Virtualization performance testing tips
posted by John Troyer (VMWare) on August 20, 2008
I attended an interesting Chalk Talk today from Intel's Kshitij Doshi and Ashok Emani: "Taming the Complexity of Studying Performance Under Virtualization". They walked through the development of a server consolidation study usng the vConsolidate Framework. Performance testing of virtualized systems is fraught with complexities, especially when you're trying to say something about real-world scenarios with multiple virtual machines.
Kshitij and Ashok walked us through their methodology and experiences. To oversimplify, when you're dealing with multiple workloads on top of a hypervisor, you not only have many points of failure (like apps or testing frameworks crashing), you also now have many ways for bottlenecks to arise (in CPU, disk, I/O, memory), and often the hypervisor helpfully hides those bottlenecks in an attempt to do production-level resource allocation over all its virtual workloads.

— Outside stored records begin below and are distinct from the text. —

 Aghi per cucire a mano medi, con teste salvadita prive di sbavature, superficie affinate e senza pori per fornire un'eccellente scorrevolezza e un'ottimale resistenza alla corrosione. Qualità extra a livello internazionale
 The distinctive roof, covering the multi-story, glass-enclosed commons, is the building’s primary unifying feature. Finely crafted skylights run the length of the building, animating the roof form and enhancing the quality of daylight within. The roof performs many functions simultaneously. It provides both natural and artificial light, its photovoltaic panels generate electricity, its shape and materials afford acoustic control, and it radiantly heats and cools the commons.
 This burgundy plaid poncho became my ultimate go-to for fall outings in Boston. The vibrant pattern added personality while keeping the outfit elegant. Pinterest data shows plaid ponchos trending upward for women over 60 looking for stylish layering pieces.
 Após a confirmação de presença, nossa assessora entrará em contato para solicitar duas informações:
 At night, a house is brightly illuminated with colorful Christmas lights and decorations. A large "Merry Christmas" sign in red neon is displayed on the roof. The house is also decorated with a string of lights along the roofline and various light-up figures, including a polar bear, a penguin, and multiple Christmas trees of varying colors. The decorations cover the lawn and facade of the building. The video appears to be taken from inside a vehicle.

Their list of "common sources of errors and anomolies" is worth a paper of its own, as you can tell it comes from long experience, but for this blog post let me just hit the headers of their slides on "common pitfalls." After reading this, I hope you will think twice before just firing up a quick timer on a process in a virtual machine. It's probably not telling you what you think it's telling you! (Most real-world virtualized workloads are not performance-bound, anyway, but that's a whole other conversation.)
- Time drift
- Unmonitored failures (loadsim, webbench)
- Disk space
- Spurious interrupts, network isolation
- IOPS contention
- Client instabilities (memory leaks, MTU, login failurers)
- VMM "knobs"
- Guest OS knobs -- Ticklessness (avoiding context switches)

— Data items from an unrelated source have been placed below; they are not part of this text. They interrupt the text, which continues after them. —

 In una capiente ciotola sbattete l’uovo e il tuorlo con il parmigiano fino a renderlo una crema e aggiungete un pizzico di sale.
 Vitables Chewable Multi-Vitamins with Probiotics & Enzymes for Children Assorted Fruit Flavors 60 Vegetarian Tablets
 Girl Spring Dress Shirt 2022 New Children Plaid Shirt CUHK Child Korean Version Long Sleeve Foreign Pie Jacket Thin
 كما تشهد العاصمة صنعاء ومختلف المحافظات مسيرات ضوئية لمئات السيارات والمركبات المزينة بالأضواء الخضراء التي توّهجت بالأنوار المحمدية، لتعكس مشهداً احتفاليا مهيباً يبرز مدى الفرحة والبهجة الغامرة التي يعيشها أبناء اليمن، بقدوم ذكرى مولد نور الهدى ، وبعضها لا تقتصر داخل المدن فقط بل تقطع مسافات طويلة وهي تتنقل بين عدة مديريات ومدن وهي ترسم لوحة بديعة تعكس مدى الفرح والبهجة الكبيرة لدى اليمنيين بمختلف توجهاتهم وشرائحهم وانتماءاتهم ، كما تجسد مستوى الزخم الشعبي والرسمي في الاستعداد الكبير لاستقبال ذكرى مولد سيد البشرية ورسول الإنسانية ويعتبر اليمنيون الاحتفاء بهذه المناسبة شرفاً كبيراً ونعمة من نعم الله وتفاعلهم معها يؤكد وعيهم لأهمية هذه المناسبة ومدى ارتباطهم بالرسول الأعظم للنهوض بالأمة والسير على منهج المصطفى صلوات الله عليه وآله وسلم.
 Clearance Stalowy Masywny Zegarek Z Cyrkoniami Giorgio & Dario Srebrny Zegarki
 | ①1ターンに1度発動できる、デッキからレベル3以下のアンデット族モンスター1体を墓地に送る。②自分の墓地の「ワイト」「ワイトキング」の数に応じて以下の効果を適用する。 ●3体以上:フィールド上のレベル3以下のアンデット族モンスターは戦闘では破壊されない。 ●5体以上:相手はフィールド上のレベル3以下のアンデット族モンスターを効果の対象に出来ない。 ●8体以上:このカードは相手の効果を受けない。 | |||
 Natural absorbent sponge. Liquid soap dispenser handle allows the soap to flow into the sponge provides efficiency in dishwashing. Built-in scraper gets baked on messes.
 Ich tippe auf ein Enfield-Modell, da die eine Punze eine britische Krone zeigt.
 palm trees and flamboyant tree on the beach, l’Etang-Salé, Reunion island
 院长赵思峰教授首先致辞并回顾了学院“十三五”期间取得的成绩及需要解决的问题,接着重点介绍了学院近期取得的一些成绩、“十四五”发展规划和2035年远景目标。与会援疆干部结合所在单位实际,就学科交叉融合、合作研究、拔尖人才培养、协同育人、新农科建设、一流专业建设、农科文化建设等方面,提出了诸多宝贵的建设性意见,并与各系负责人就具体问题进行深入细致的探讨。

- Application tuneables -- Java heap and large page tuneables
- Affinitization (shared caches on multicore machines can help or hurt)
- Service packs and application versions
- Client memory exhaustion
- VMM memory fragmentation, oversubscription
- BIOS or hardware "knobs"
For more information on vConsolidate, check out this paper from the Intel Developer Journal, Redefining Server Performance Characterization for Virtualization Benchmarking. Tom Adelmeyer gives some context in this video presentation on the Intel Software Network: Virtualization Performance Testing with vConsolidate.
Over at VMware, we have also developed a framework known as VMmark, and our performance team often publishes results at VROOM!, the VMware performance blog, which is interesting reading if you're a performance geek or just trying to get a sense of how hypervisors scale in 2008. Both VMware and Intel are also working together with SPEC to develop an industry-wide benchmark for virtualized systems.
Comments (3)
tagged: benchmarking, idf, idf2008, performance, virtualization


Comments
Aug 20 | Bryan Rhoads said:
Hey John - Great post and nice to have you aboard!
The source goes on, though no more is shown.